Heim made 12 saves for a shutout, many of them several minutes apart.

"Her and I had that chat pre-game where she's got to find that line of not being too intense but staying involved in the game," said McAlpine. "There's times when she didn't get a shot for upwards of 10 minutes and she was able to make a key save for us and she did great."

Not long after that Olds chance, MacEwan rookie Amanda Murray shelved a shot from the low slot just as a powerplay was expiring to give the Griffins a 2-0 lead heading to the room.

Amazingly, despite running into some early penalty trouble, the Griffins still outshot the Broncos 17-3 in the first period.
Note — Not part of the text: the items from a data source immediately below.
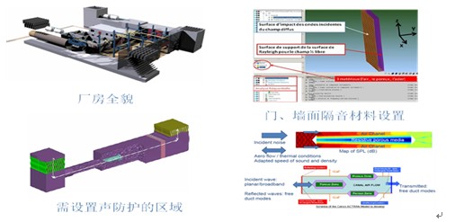 工廠噪聲控制技術中,可以通過:(1)降低噪聲源,如選用噪聲小的設備、 安裝時加減震墊等;(2)通過吸聲材料、穿孔板、消聲器等對噪聲能量進行吸收和衰減(3)控制噪聲的傳播途徑,如給噪聲源加裝隔聲罩、在噪聲的傳播途徑上加隔聲屏障,等等。工廠噪聲源復雜,同時涉及噪聲的傳播、反射、衍射和吸收等問題,各類噪聲控制技術需要對噪聲及其傳遞特性、控制效果進行有效評估,因此Actran軟件包在工廠噪聲相關的預測和治理中具有廣闊的應用空間:
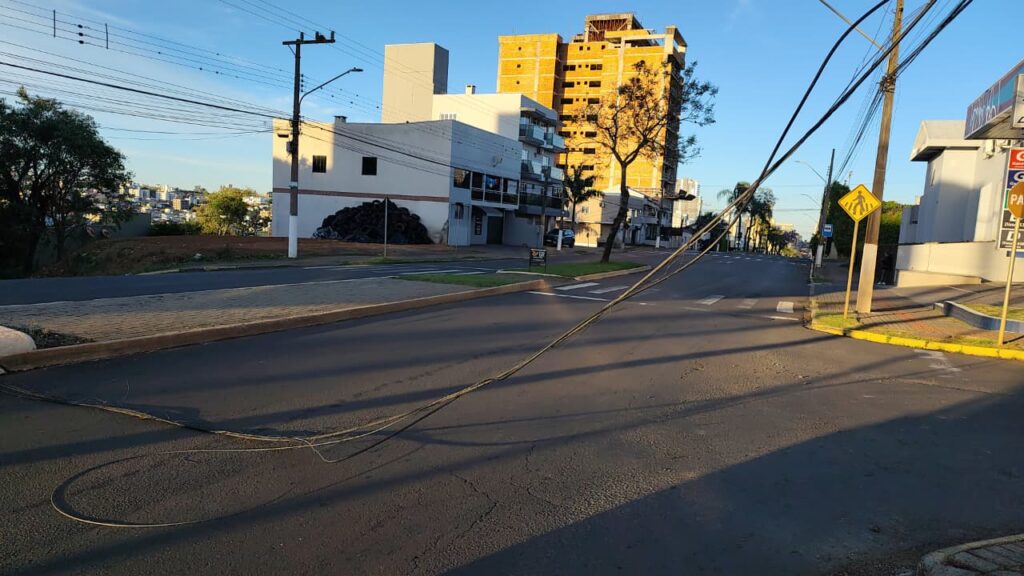 De acordo com informações apuradas no local, o veículo atingiu os cabos ao passar pela via, derrubando parte da fiação. Até o fechamento desta matéria, os fios permaneciam sobre a pista, representando risco aos motoristas e pedestres que transitavam pela região.
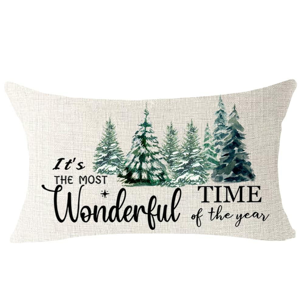 NIDITW Christmas Pine Tree Lumbar Pillow Cover Cotton Linen 12x20 Inches
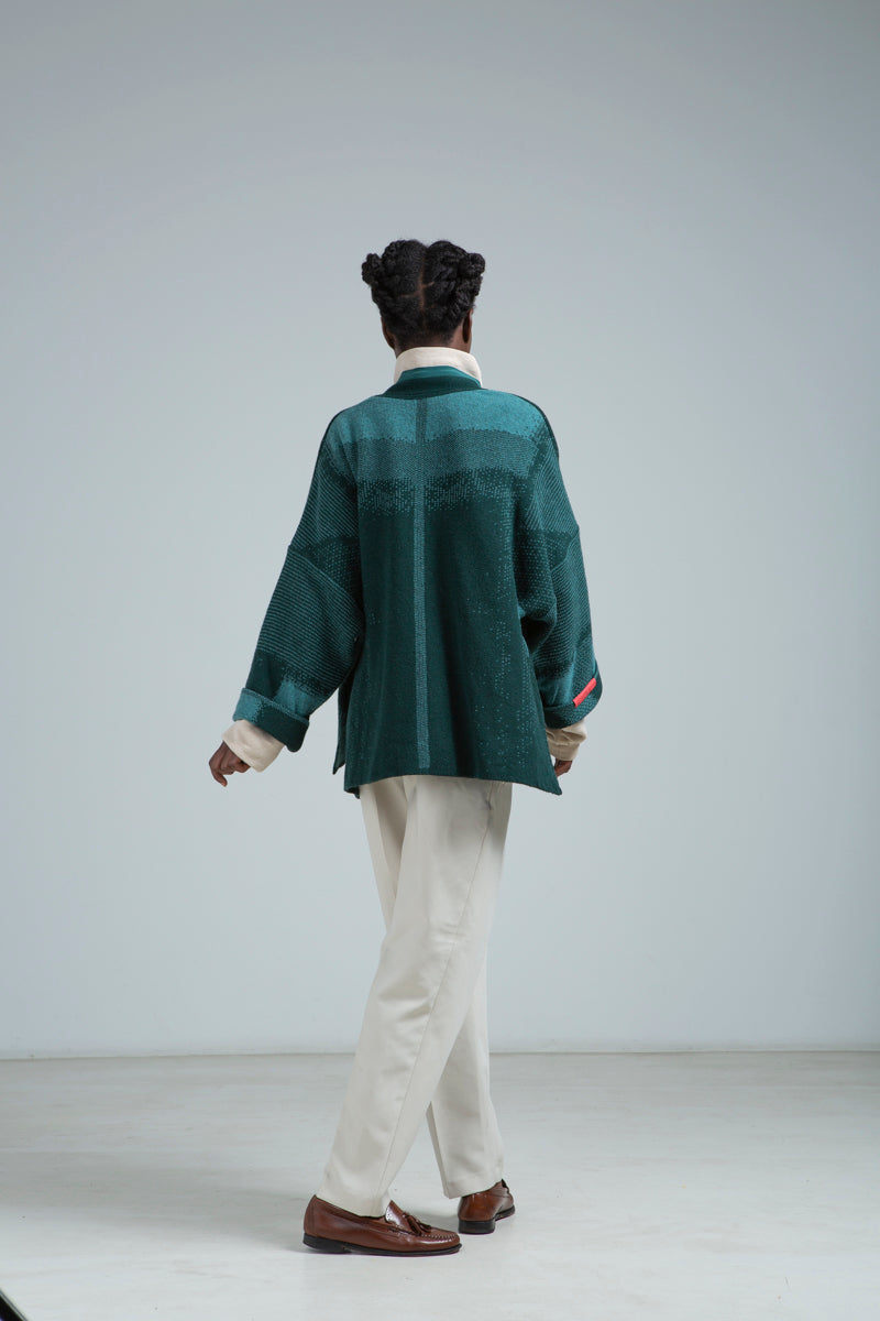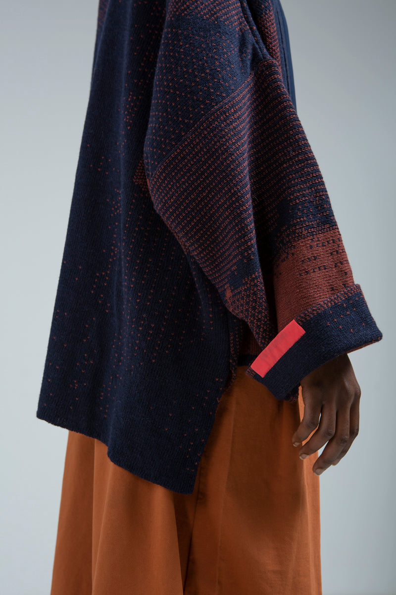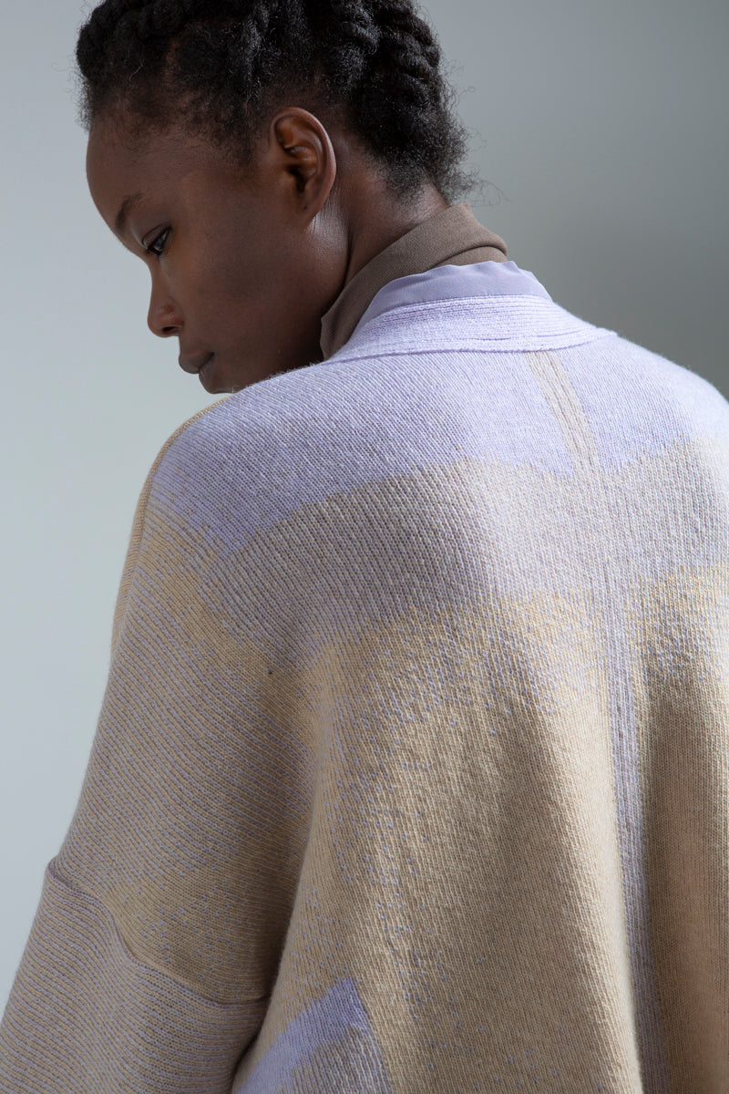 De kimono is een verfijnd kledingstuk, gebreid in delicate jacquard met een zijden afwerking rond de kraag en mouwen. Het heeft hetzelfde dessin als de sjaals uit de ‘Lieux de Mémoire’ collectie en is geïnspireerd door een 100 jaar oude kimono die Griet in New York kocht. Details, zoals de achternaad en de mouwinzet, zijn vertaald naar dit nieuwe kledingstuk. Alsook, een kraag van puur zijde en een koraalrood accent rond één van de mouwuiteinden.
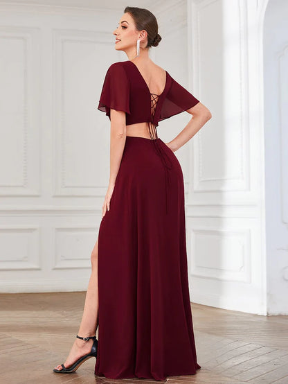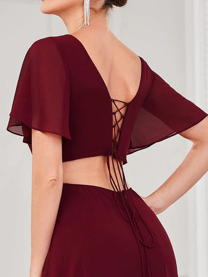 High Slit Flutter Sleeve Lace Up Chiffon Evening Dress
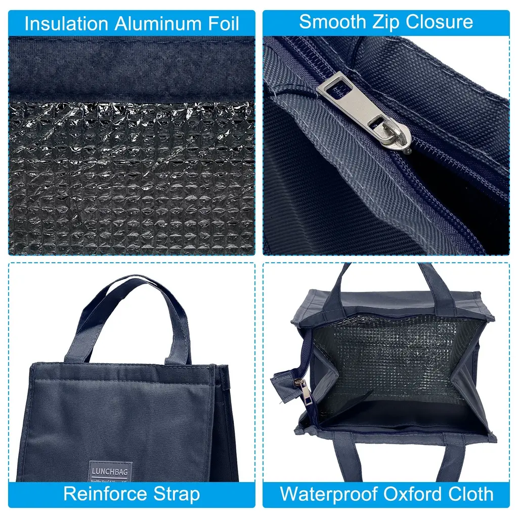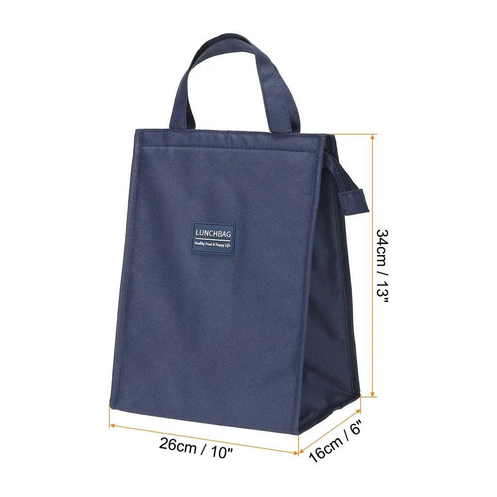 The insulated lunch bag is very suitable for office workers, outdoor workers, personnel, etc. to store lunch boxes, sandwiches, snacks, stew cups, bowls, etc., and can also be used for outdoor activities such as picnics and camping.SpecificationColor: Dark BlueMaterial: Oxford Cloth, Aluminum FoilSize: 26 x 16 x 34 cm / 10 x 6 x 13 inch (L*W*H)Packing List: 1pcs x Insulated Lunch BagAdvantageThe lunch bag is made of waterproof Oxford cloth and an aluminum foil insert, which is durable and tear-resistant. The interior is equipped with thermal insulation cotton and aluminum foil to avoid heat and effectively keep warm and cold.The top zipper and the hook-and-loop fastener are easy to open and close. Equipped with a hand strap, it has a strong bearing capacity and is easy to carry.InstructionThe insulated lunch bag is lightweight and portable, and fits easily in a backpack or tote, making it perfect for storing food on the go.NOTE: Please make sure the size is correct before placing an order.

The second period was more of the same with MacEwan pouring on the pressure. Just 3:33 into it, Jans stabbed home a loose rebound sitting outside the crease.

Less than three minutes later, enjoying another powerplay, the Griffins made it 4-0 when Carley Jewell walked in from the blueline around a defender and wired a shot under Spooner's glove.

With 24 seconds left in the frame, Dominique Scheurer raced down the left wing and sent a perfect pass in for Nikki Reimer, who, with a defender draped all over her, snapped a backhander past Spooner for a 5-0 advantage.

Jans scored one more at 4:18 of the third period when Spooner was out of position after a save and the Griffins forward beat two defenders trying to guard an empty cage.

"It was just net traffic," said MacEwan player of the game Jans about both her tallies. "And I think that's one of our biggest focuses is to get the net traffic in front of their goalie because obviously their goalie's pretty hot coming into playoffs."

ICE CHIPS … Besides Jans, four other Griffins had multi-point games (Skoye and Murray with a goal and an assist, and Raven Beazer and Chantal Ricker with two helpers each) … Spooner made 42 saves for Olds in a losing effort … Faith Volk was named player of the game for the Broncos … Should Game 3 of the series be required, it will be Sunday (1 p.m., Downtown Community Arena).